5
Gurus do R,
I have the following data frame (Df) that establishes the relationship between variables X and Y:
X Y
1 25 2457524
2 25 2391693
3 25 2450828
4 25 2391252
5 25 2444638
6 25 2360293
7 50 4693194
8 50 4844527
9 50 4835596
10 50 4878092
11 50 4809226
12 50 4722253
13 75 7142763
14 75 7182769
15 75 7135550
16 75 7173920
17 75 7216871
18 75 7076359
19 100 9496553
20 100 9537788
21 100 9405825
22 100 9439201
23 100 9609870
24 100 9707734
25 125 12031958
26 125 12027037
27 125 11935594
28 125 11930086
29 125 12154132
30 125 12096462
31 150 14298064
32 150 14396607
33 150 13964716
34 150 14221039
35 150 14283992
36 150 14042220
(Note that we have 7 levels for variable X with 6 points in each level)
If we adjust a polynomial model of 2nd degree for these data we obtain the following model:
Model<-lm(formula = Y ~ X + I(X^2))
print(Model)
Call:
lm(formula = Y ~ X + I(X^2))
Coefficients:
(Intercept) X I(X^2)
-26588.12 97310.61 -14.02
The graphic representation of this model, which looks more like a straight line, is as follows::
If we want to use the model to predict the values of "Y" from the values of the variable "X" just run this line of code:
>predicted.intervals <- predict(Model,data.frame(x=X),interval='confidence',
+ level=0.95)
>predicted.intervals
fit lwr upr
1 2397413 2315346 2479481
2 2397413 2315346 2479481
3 2397413 2315346 2479481
4 2397413 2315346 2479481
5 2397413 2315346 2479481
6 2397413 2315346 2479481
7 4803887 4753705 4854070
8 4803887 4753705 4854070
9 4803887 4753705 4854070
10 4803887 4753705 4854070
11 4803887 4753705 4854070
12 4803887 4753705 4854070
13 7192834 7137649 7248019
14 7192834 7137649 7248019
15 7192834 7137649 7248019
16 7192834 7137649 7248019
17 7192834 7137649 7248019
18 7192834 7137649 7248019
19 9564252 9509067 9619438
20 9564252 9509067 9619438
21 9564252 9509067 9619438
22 9564252 9509067 9619438
23 9564252 9509067 9619438
24 9564252 9509067 9619438
25 11918144 11867961 11968326
26 11918144 11867961 11968326
27 11918144 11867961 11968326
28 11918144 11867961 11968326
29 11918144 11867961 11968326
30 11918144 11867961 11968326
31 14254507 14172440 14336574
32 14254507 14172440 14336574
33 14254507 14172440 14336574
34 14254507 14172440 14336574
35 14254507 14172440 14336574
36 14254507 14172440 14336574
The question that won’t shut up:
What would be the line(s) of code to do the inverse prediction, that is, in this model, predict "X" from the data of the variable "Y"? Searching on google I have tried several packages and specific functions but unfortunately I was not successful (perhaps due to lack of familiarity with the functions). Could any of you help me unravel this mystery? Big hug to all.

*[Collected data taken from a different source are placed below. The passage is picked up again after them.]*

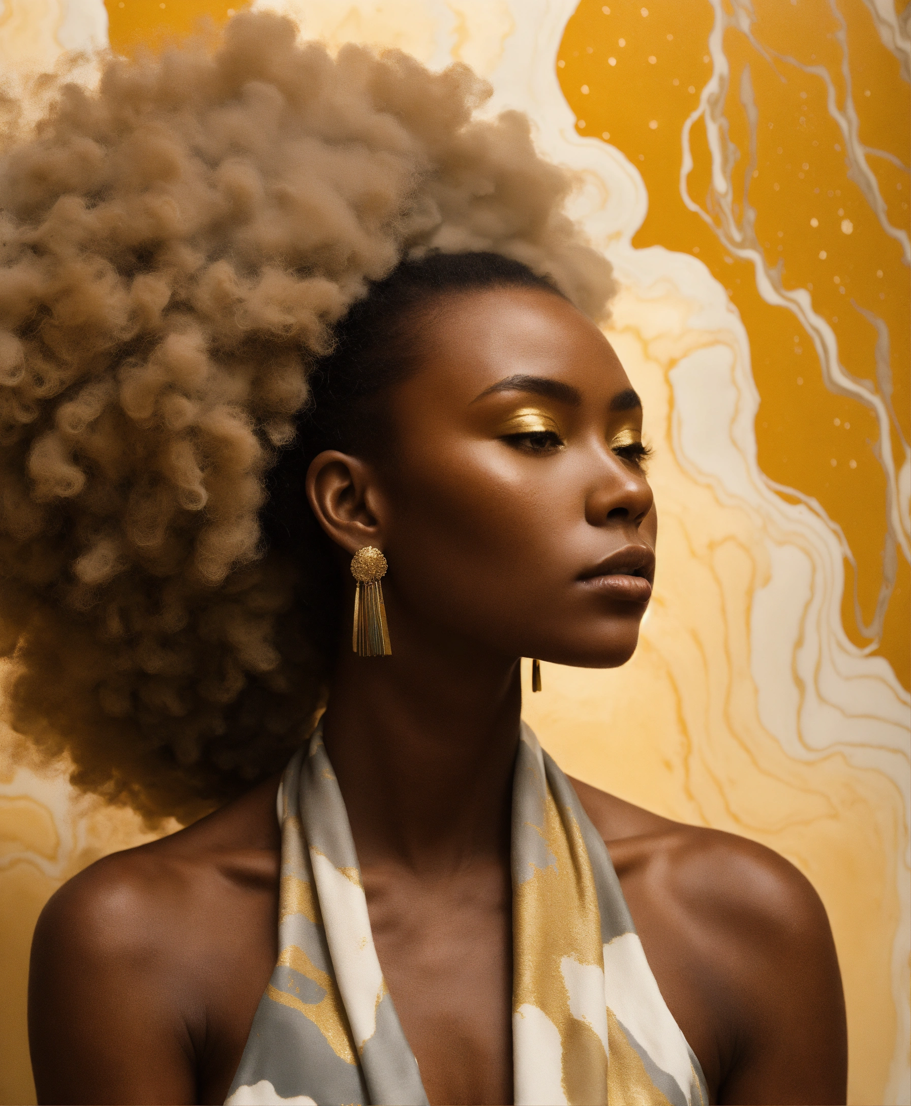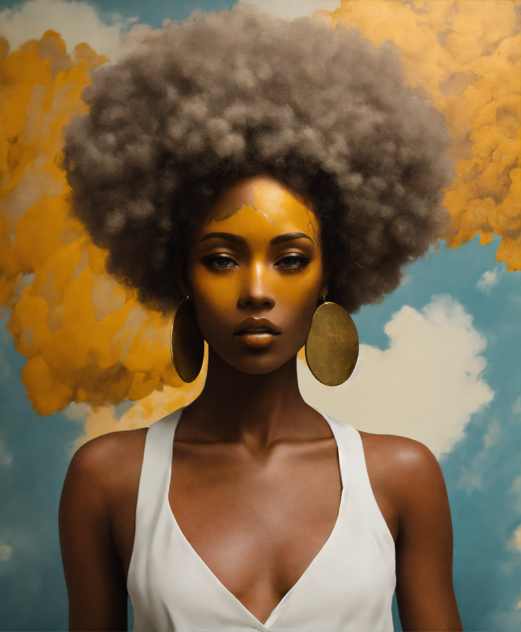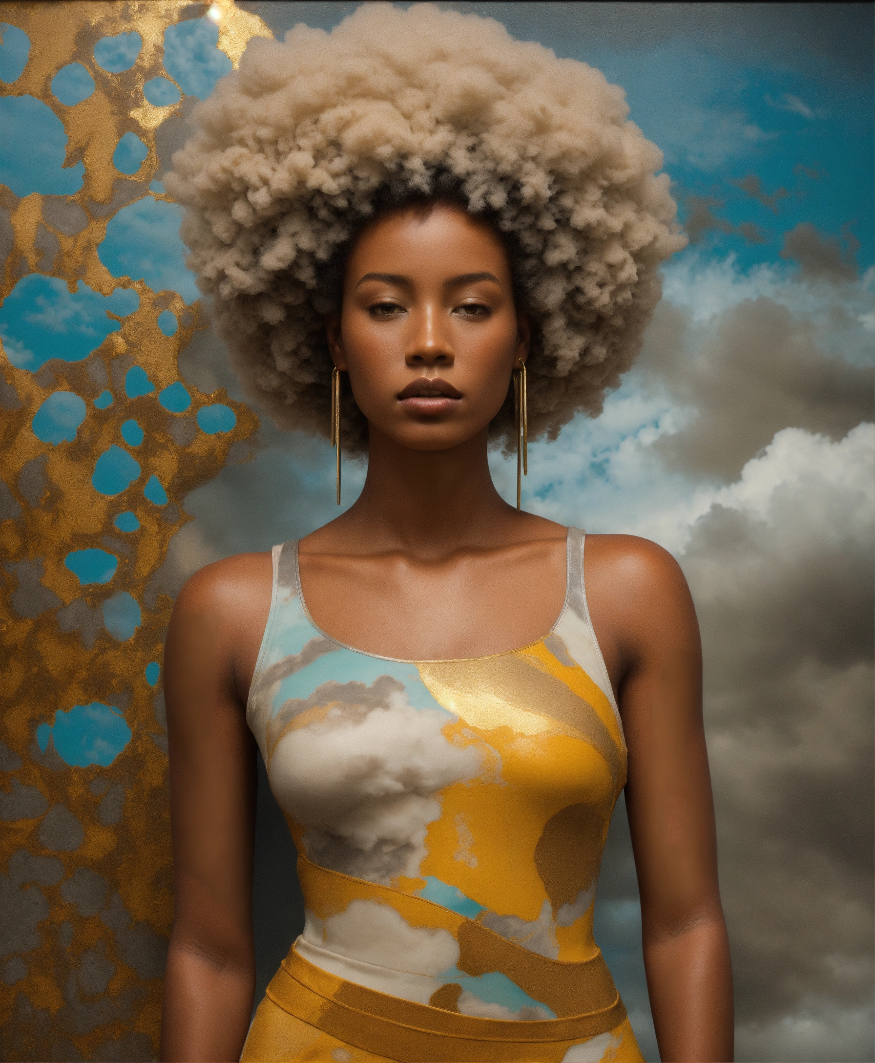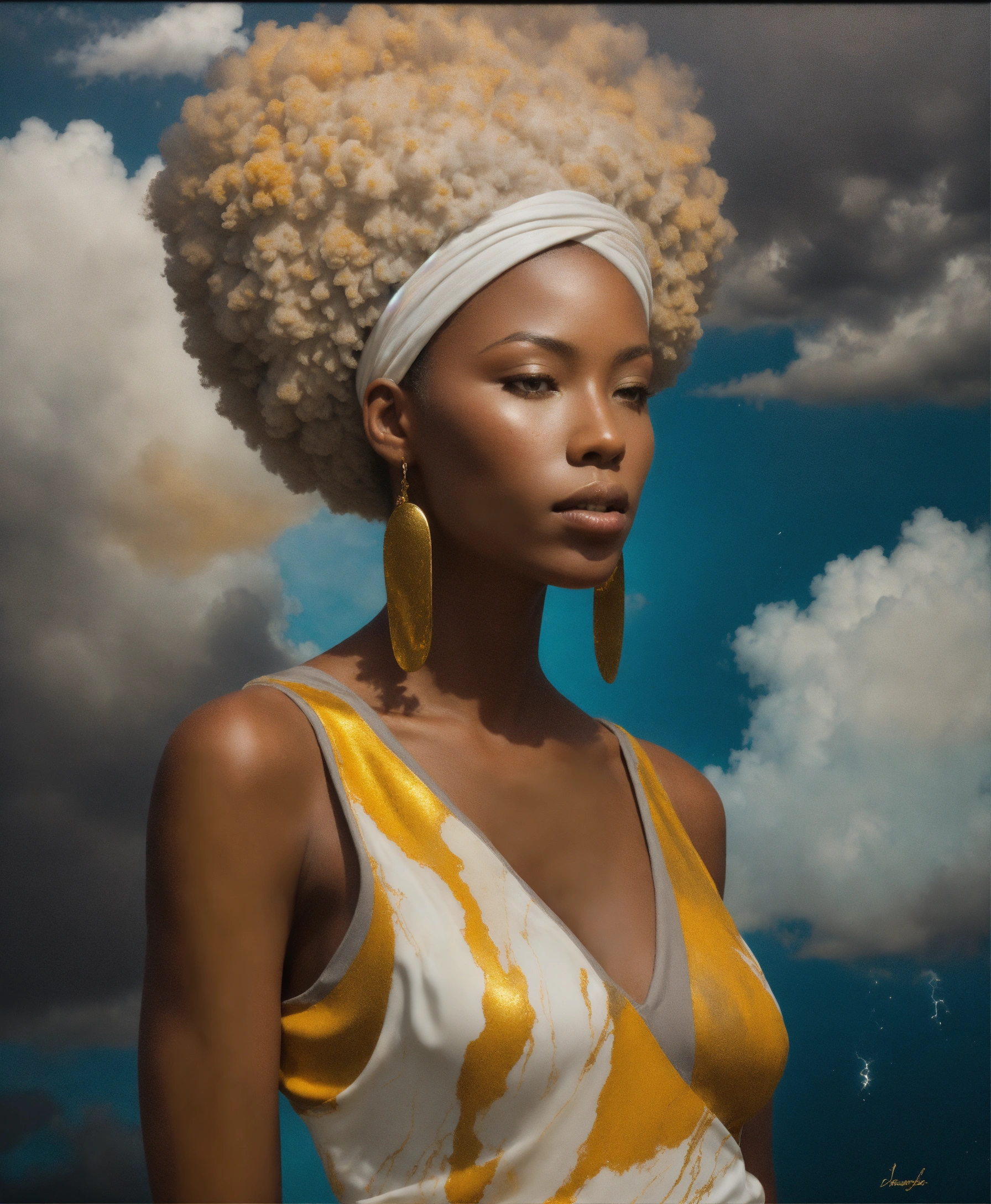 A hd woman sculpted of white taupe grey with gold veined marble painted skin, afro hair is made of mustard terracotta and turquiose cumulus clouds streaked with silver lightning strikes throughout, cream drapy raw silk like tank rule of thirds
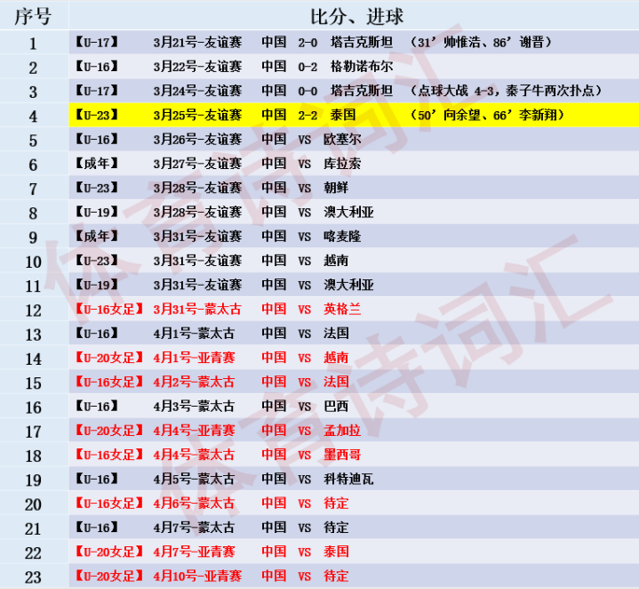 按照赛程,中国将在28号晚上濒临朝鲜,31号晚上迎战越南。中国U-23男足队内8名主力被国足征召,因此本次进行了威望更新,保留了亚洲杯的12东说念主,其中李昊等3个门将皆无缘,而是选拔了姚浩洋、刘骐伟、袁建锐、于金永四东说念主,毛伟杰、李新翔、汪士钦、廖荣祥、玄智健等东说念主再次入选,而张英凯、韦子弦两东说念主则是初度入选,另外补招了杜月徵。
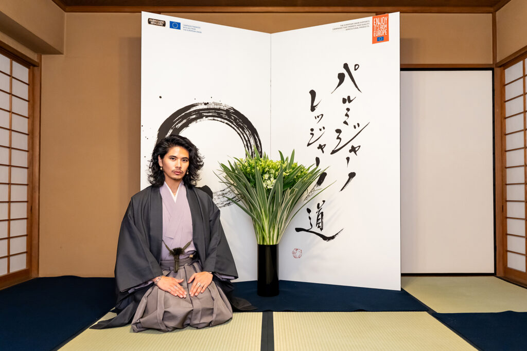 パルミジャーノ レッジャーノ道の「道」とは、書道や剣道と同じように、ひとつの技を極めるために鍛錬を重ねる姿勢を意味する。長い年月をかけ、天然由来の旨みを追求してきたパルミジャーノ レッジャーノのチーズづくりと、その精神が重なることから、この名が生まれた。そして日本で「道」を語るうえで欠かせない存在が、茶道である。今回はパルミジャーノ レッジャーノと茶道のコラボレーションとして、茶道裏千家 教授・養和会代表の味岡宗靖(そうせい)氏の協力のもと茶会を開催。両者に通底する「道」の精神に向き合った。
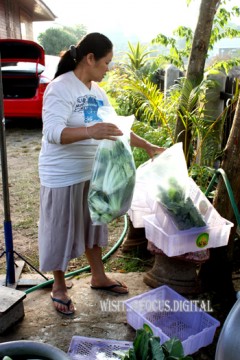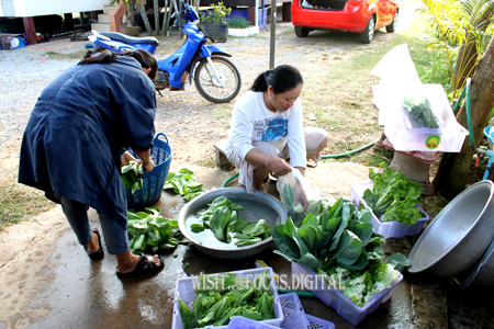 ที่ขาดไม่ได้ก็ผักสด ๆ ปลอดสารพิษ กรอบ หวาน อร่อย แม่กับลูกสะใภ้ช่วยกันตัดคนละไม้ละมือ

Is there any special reason you want to do this? Because you don’t fit a model
lm(X ~Y + I(Y^2))
and provides forX
fromy
directly? Statistically, doing what you want is strange because X is considered an observed variable, would not have pq you want to predict it...– Daniel Falbel
In addition to what Daniel said, I’d still be running
summary(Model)
, which is a statistically more interesting answer thanprint(Model)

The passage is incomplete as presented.